After staring at the problem for a while, I landed on address embedding.

Instead of sending a packet directly to the server, the client sends it to the proxy with the destination address prepended to the start of the packet itself. The proxy reads the first few bytes, extracts the destination, strips the header, and forwards the payload to where it was actually supposed to go. On the return trip, the server sends to the proxy with the client's address embedded the same way.

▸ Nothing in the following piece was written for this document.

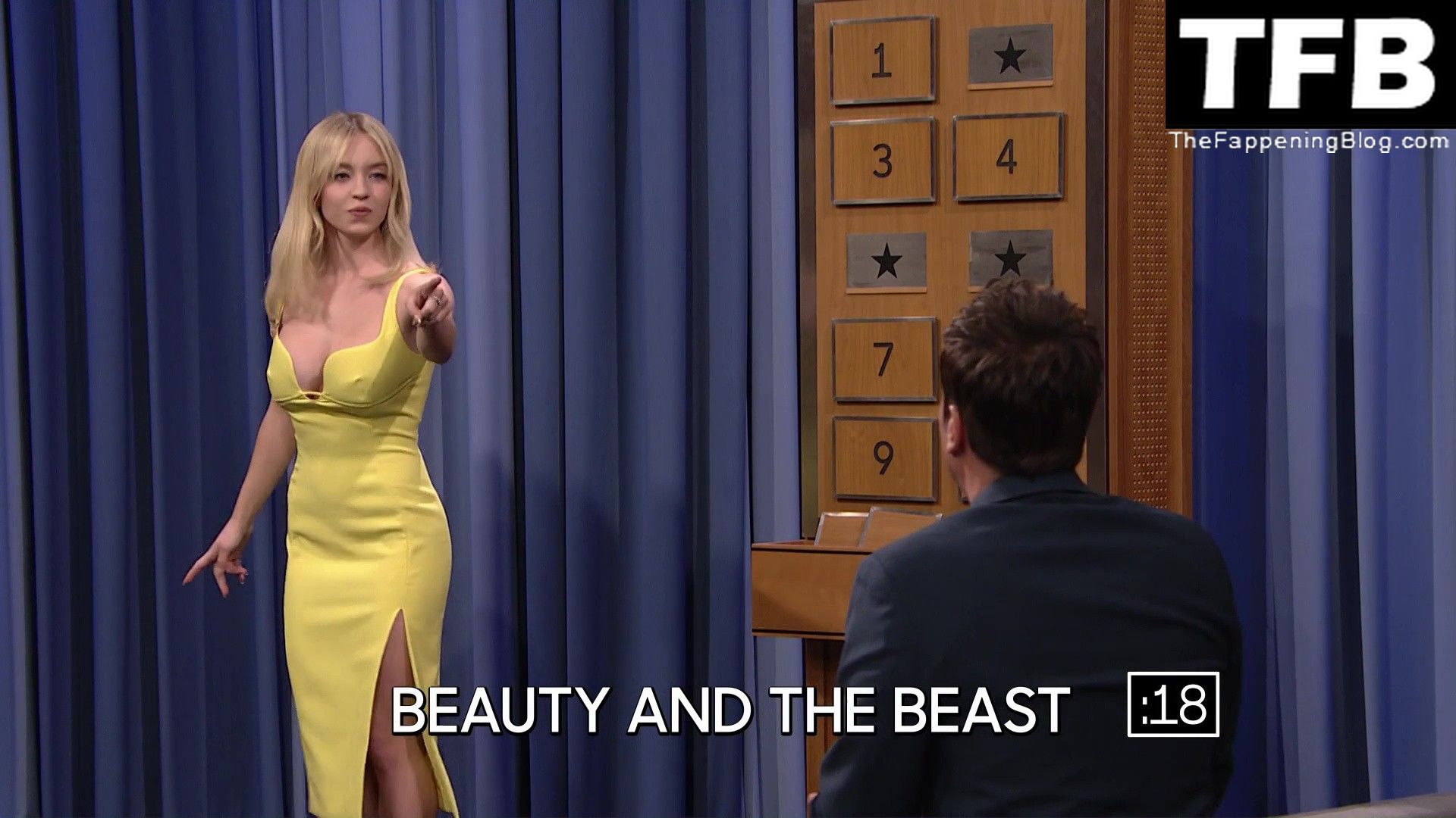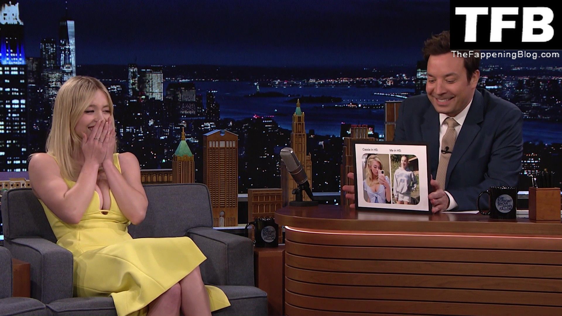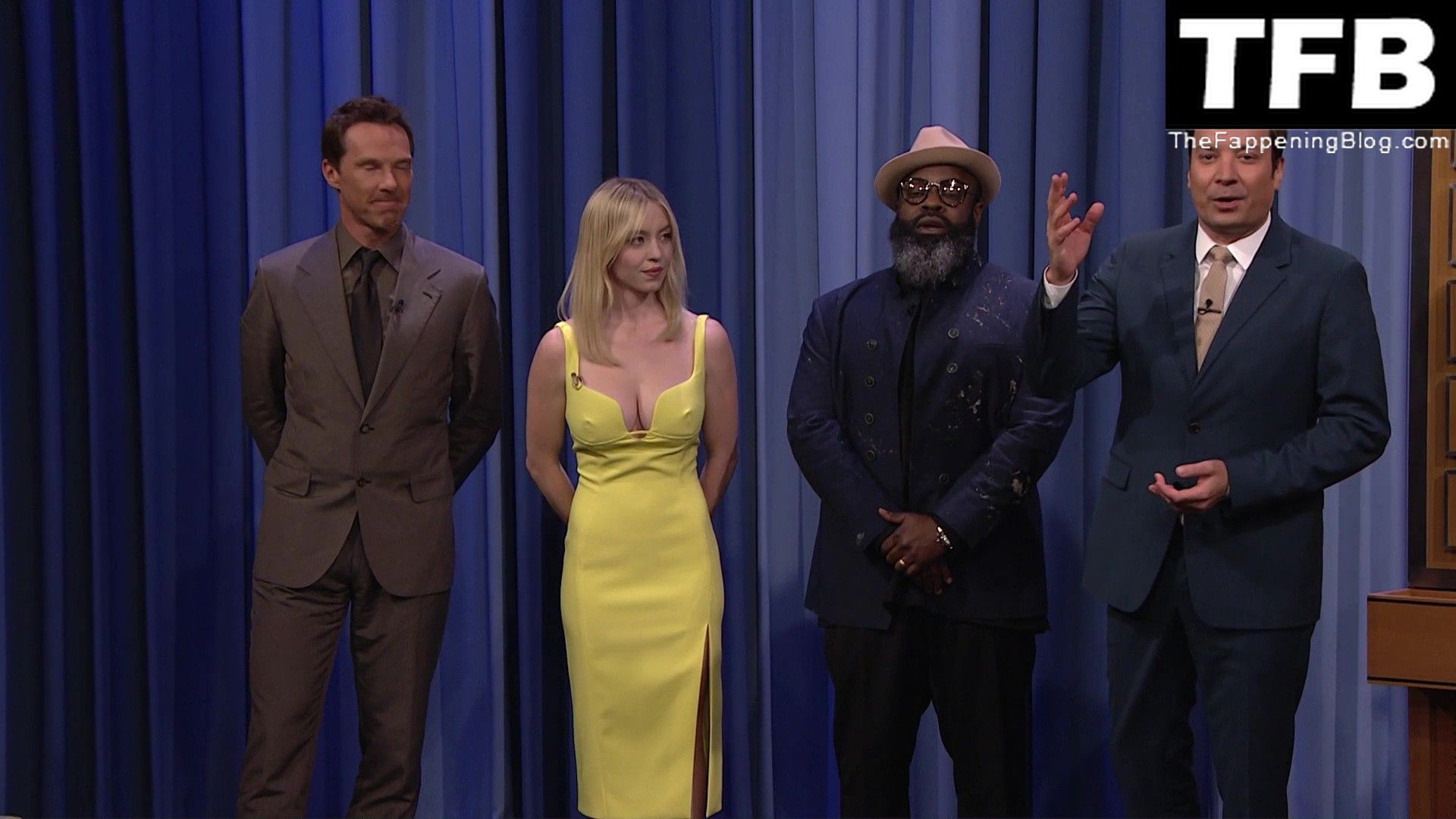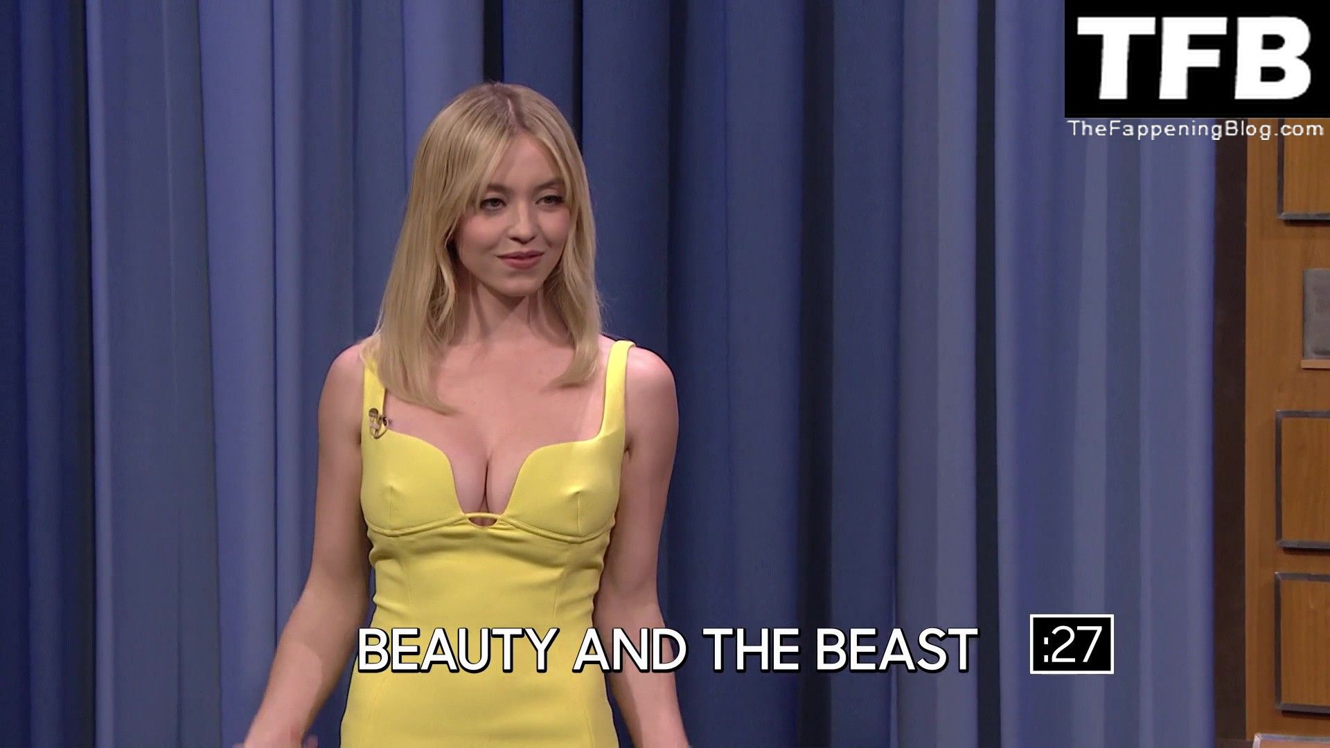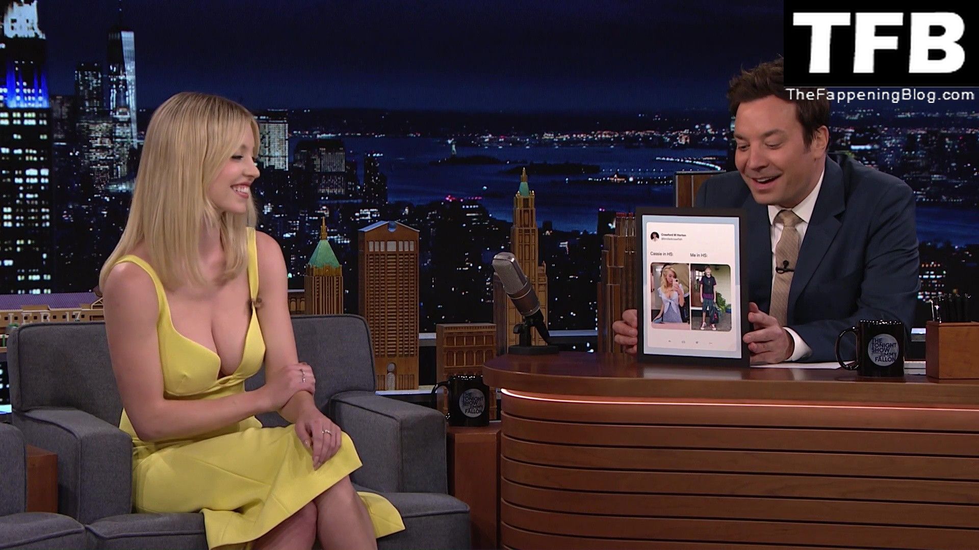 Sydney Sweeney muestra su sexy escote y enseña su pezón en el programa “The Tonight Show with Jimmy Fallon” (mayo 2022).
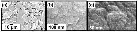 SEM micrographs of a N-UNCD film (Figure 2) show the surface morphology of the coating at three magnifications, highlighting that a continuous N-UNCD layer is indeed coating the surface of a NG/Cu anode. Figure 2a shows a large area at microscale, revealing a uniform film coverage across the surface. The morphology of the observed grains actually comes from the graphite and carbon black grains. N-UNCD covers the grains. Figure 2b reveals that the surface of the grains has a dense, coalesced nano- crystalline texture, which is characteristic of N-UNCD, with closely packed nodules and no obvious pinholes at this scale. Figure 2c reveals the ultrafine, “cauliflower-like” morphology at the tens-of-nanometers scale, consistent with the characteristic N-UNCD surface morphology characterized in extensive prior research related to N-UNCD coating of NG/Cu anodes and other substrate materials [12,14,22].

The key was building this through wrapper functions — send_proxy() and rec_proxy() — that match sendto() and recvfrom() exactly. Same arguments, same return type. The only thing a caller has to change is the function name.

The best abstraction is the one that costs nothing to adopt.

By end of Monday, proxy_config.h, proxy_utils.h/c, and proxy.c were working. The routing was clean. I had something I could actually test with.

Making It Hurt

Tuesday I added what I actually wanted: configurable delay and packet loss.

The delay worked through a packet queue. Each incoming packet gets timestamped and enqueued. Before forwarding anything, the proxy checks the head of the queue: has delay_ms elapsed since this packet arrived? If not, it waits. FIFO ordering, so packets leave in the same order they came in — just delayed.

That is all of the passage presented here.